When applying low-power design techniques, design engineers typically concentrate on only the few modules, such as embedded processors and on-chip memories, that consume more power than the other blocks. Although this focus is necessary, it is incomplete. Engineers may often overlook the fact that many low-power-consuming blocks frequently have a greater impact on energy consumption than their power- consumption number suggests. If you correctly plan a chip’s power-management strategy, the power-consumption profile and energy-consumption profile should not correlate closely. You should keep the active period of the high-power-consuming modules as short as possible. The modules that remain powered for a long time should not consume too much power. Even though these modules consume less power than other blocks, they consume a higher proportion of energy once you factor in their extended active time.

Consider a hypothetical cellularphone design. Under typical usage, the cellular phone is mostly in standby mode. During standby, most circuits, except the wireless receiver or receivers, are off. Although standby mode consumes only a fraction of the power that the other modes consume, it still consumes 36% of the total energy, after factoring in the active period. In other words, it pays dividends to aggressively reduce power for circuits that are active in the standby mode because it can lead to significant savings in battery life (Table 1).

Discovering the last unrealized power reduction table 1

Such opportunities for energy reduction exist in most SOCs. In general, if the chip has multiple power domains, it has multiple power modes. If you identify the power modes that are most active, you can isolate the circuits that have higher impact on the chip’s energy consumption, and you can more aggressively pursue power reduction in these focused areas to reduce the overall energy footprint of the chip.

Analysis of these circuits in further detail uncovers some interesting characteristics.
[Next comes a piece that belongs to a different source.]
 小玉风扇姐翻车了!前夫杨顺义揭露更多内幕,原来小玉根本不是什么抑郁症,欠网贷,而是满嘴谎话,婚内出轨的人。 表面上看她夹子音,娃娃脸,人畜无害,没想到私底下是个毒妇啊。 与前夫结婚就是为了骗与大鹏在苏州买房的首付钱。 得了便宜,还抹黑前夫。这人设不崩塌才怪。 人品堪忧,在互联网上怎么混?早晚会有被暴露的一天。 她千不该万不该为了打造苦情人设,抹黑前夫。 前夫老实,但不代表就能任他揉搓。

These modules must remain on for extended periods because they perform essential functions for the chip in that operating mode. They are often continuously calculating data or processing signals. In addition to the cellular-phone example, other circuits, such as audio or video processors in playback or talk mode and signal-processing blocks, such as equalizer, modulation, or cryptology units, in wireless and networking applications, have more datapath content than control logic and can benefit considerably from low-power techniques.
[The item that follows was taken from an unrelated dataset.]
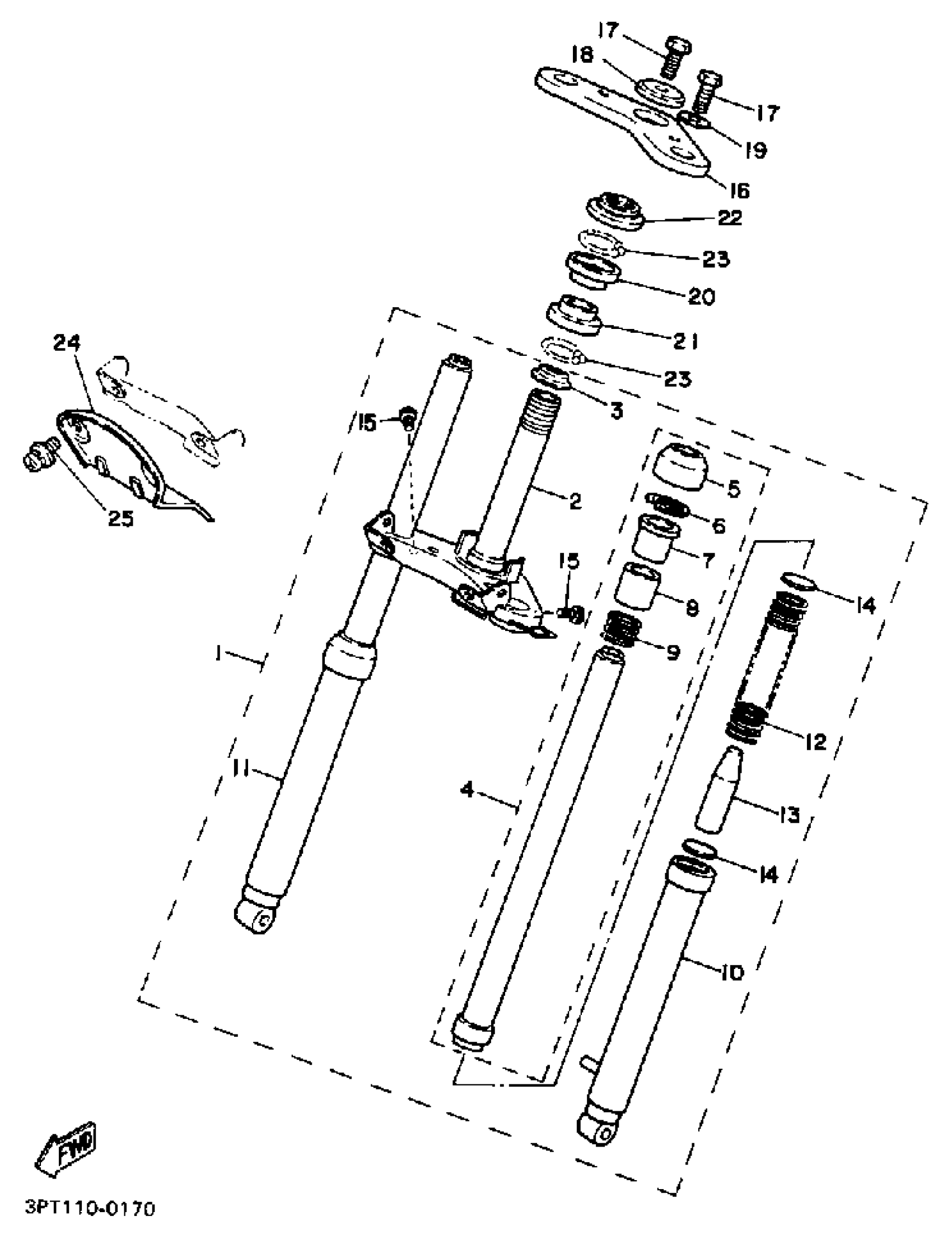 Yamaha PW50A (Y-ZINGER) 1990 FRONT FORK Diagram

If you consider the technology horizon, a new generation of connected devices aiming to deliver better user experiences and higher data rates is driving many new design starts. Consequently, these new projects will demand higher audio quality, higher video resolution, more pixel support, more complex signal processing, faster data rates, and so forth. Increases in the size and complexity of the signal-processing blocks in turn lead to a higher energy footprint in the new designs. The impact of this design complexity requires design engineers to more closely manage the power consumption for these blocks.

Low-power datapaths

Power gating isn’t feasible for circuits that must continuously remain active, so the only choice is to make the circuit intrinsically low power. The first step is to lower the voltage, the operating frequency, or both without missing the performance target. However, slower clock frequencies mean deeper logic levels, and these circuits usually include more datapath logic than control logic. Datapath logic is notoriously prone to glitches—unwanted transitions that settle before the next clock edge—and switching because any spurious transitions propagate downstream and ripple throughout the entire datapath tree. Although glitches pose no functional issues, these transitions still consume power.

It is critical to avoid increasing power in other areas while reducing it in one area. Making this power-reduction approach more effective requires more balanced, shallower architectures that can limit the propagation of the transitions. Although most EDA tools do an adequate job producing timing- and area-optimized architectures that designers later optimize for power at the gate level, they are less effective in considering the power consequence of architectural selections upfront.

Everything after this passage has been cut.